The objective of this paper is to relax that strong assumption: in what follows, it is assumed that the degree of altruism or morality is known to all parties, but the utility function specification is private knowledge of the agents. The principal then seeks to distinguish the two groups by offering menus of contracts that induce participation, effort provision, and revelation of private information by the employees.
This class of adverse selection followed by moral hazard problems has been analyzed before. RefS. [
5,
6] have dedicated sections to this broad class of problems, and provide more references to the literature. To cite but a few articles exploring screening preferences, Ref. [
7] considers the problem of screening risk-averse agents under moral hazard under the strong assumption that the utility function satisfies single-crossing and CARA properties. As a result, they find that the power of incentives is decreasing with respect to risk-aversion. Ref. [
8] study a two-output model with risk-neutral agent protected by limited liability and ex-post participation constraints, and find that a fully pooling contract is optimal. Ref. [
9] build upon the previous model by assuming that the agent is risk-averse, and also finds that pooling contracts are difficult to avoid.
All the papers cited above differ from the environment studied here in one important way: they assume that preferences are common knowledge, but that either the degree of risk-aversion or a productivity parameter is private information of the single agent. Here, as stated before, the utility function rather than the common degree of altruism or morality is private information of the agents. The main results, however, are in line with [
8,
9]: separation is difficult to achieve by the principal if she desires the agents to exert effort in equilibrium. Intuitively, this is a consequence of the utility functions not displaying a single-crossing-like property, an assumption that is imposed in [
7].
Screening prosocial preferences has been the central issue in some studies, both theoretically and empirically. Ref. [
10] studies an environment with a single principal screening a continuum of workers that have private information about their ability and preferences over social comparisons. In particular, Ref. [
10] contrasts the optimal employment contracts for selfish and inequity-averse agents, and finds that it is impossible to screen workers of similar ability with respect to their social preferences within the firm, a result that is line with the ones found here. The main difference between [
10] and the model in this study is that the former considers only the adverse selection problem faced by the principal when hiring a single agent, while the latter assumes teamwork and moral hazard. Closer in essence to this paper are the works of [
11,
12], who consider screening followed by moral hazard when agents’ prosocial preferences are characterized by inequity aversion. Their results also suggest that screening agents according to their social preferences is not feasible.

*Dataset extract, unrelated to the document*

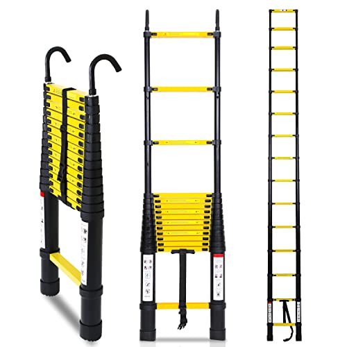 Ikodm Teleskopstege i aluminium med avtagbar krok, 3,2 m utdragbar stege, halkfri aluminiumstege stående stege multifunktionsstege, utdragbar stege, belastning 150 kg, svart gul

The approach here developed is close in essence to [
13]. In the first step, I search for the set of feasible contracts, that is, those that satisfy the participation constraints plus the moral hazard incentive compatibility constraints for each preference group. In the second step, the principal selects the least costly menu of feasible contracts that also induce the preference groups to truthfully reveal their types. As a consequence, I obtain a
no-distortion-at-the-top-like result: the principal offers the second-best moral hazard contract to the least costly to hire preference group, and distorts the allocation to the costlier one either by excluding it from the relationship or by demanding a different level of effort.
The paper goes as follows.
Section 2 presents the environment and the concept of separating equilibrium to be considered.
Section 3 discusses screening and existence of separating equilibria, while
Section 4 characterizes contracts that support pooling equilibria.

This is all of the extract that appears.